SOURCE DATA
------------------------------------
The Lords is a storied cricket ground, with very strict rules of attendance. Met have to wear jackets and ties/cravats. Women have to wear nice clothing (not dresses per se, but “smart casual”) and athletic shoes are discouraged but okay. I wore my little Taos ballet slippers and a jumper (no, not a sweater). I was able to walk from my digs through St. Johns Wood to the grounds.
------------------------------------
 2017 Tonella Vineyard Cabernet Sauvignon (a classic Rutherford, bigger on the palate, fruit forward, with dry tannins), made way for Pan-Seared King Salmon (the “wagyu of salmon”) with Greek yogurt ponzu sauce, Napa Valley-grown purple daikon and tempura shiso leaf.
------------------------------------
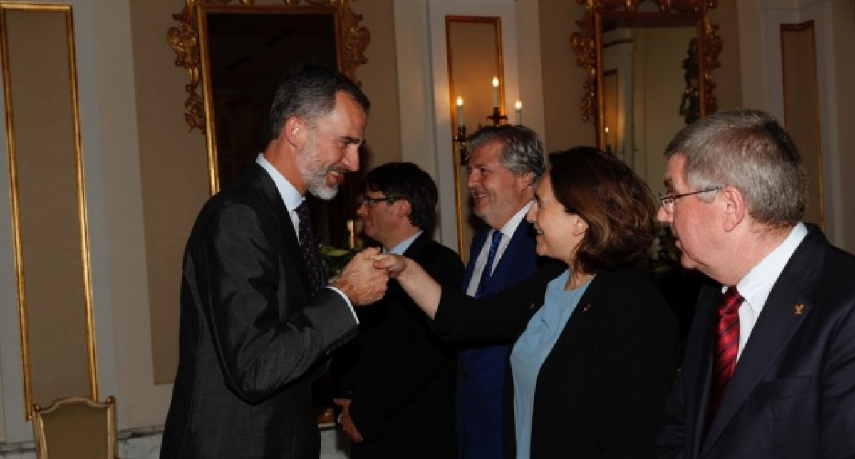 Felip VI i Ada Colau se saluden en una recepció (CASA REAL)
------------------------------------
TASK ITEM
The answer must consist of each line in the entries above that includes "with".

YOUR RESPONSE
The Lords is a storied cricket ground, with very strict rules of attendance. Met have to wear jackets and ties/cravats. Women have to wear nice clothing (not dresses per se, but “smart casual”) and athletic shoes are discouraged but okay. I wore my little Taos ballet slippers and a jumper (no, not a sweater). I was able to walk from my digs through St. Johns Wood to the grounds.
 2017 Tonella Vineyard Cabernet Sauvignon (a classic Rutherford, bigger on the palate, fruit forward, with dry tannins), made way for Pan-Seared King Salmon (the “wagyu of salmon”) with Greek yogurt ponzu sauce, Napa Valley-grown purple daikon and tempura shiso leaf.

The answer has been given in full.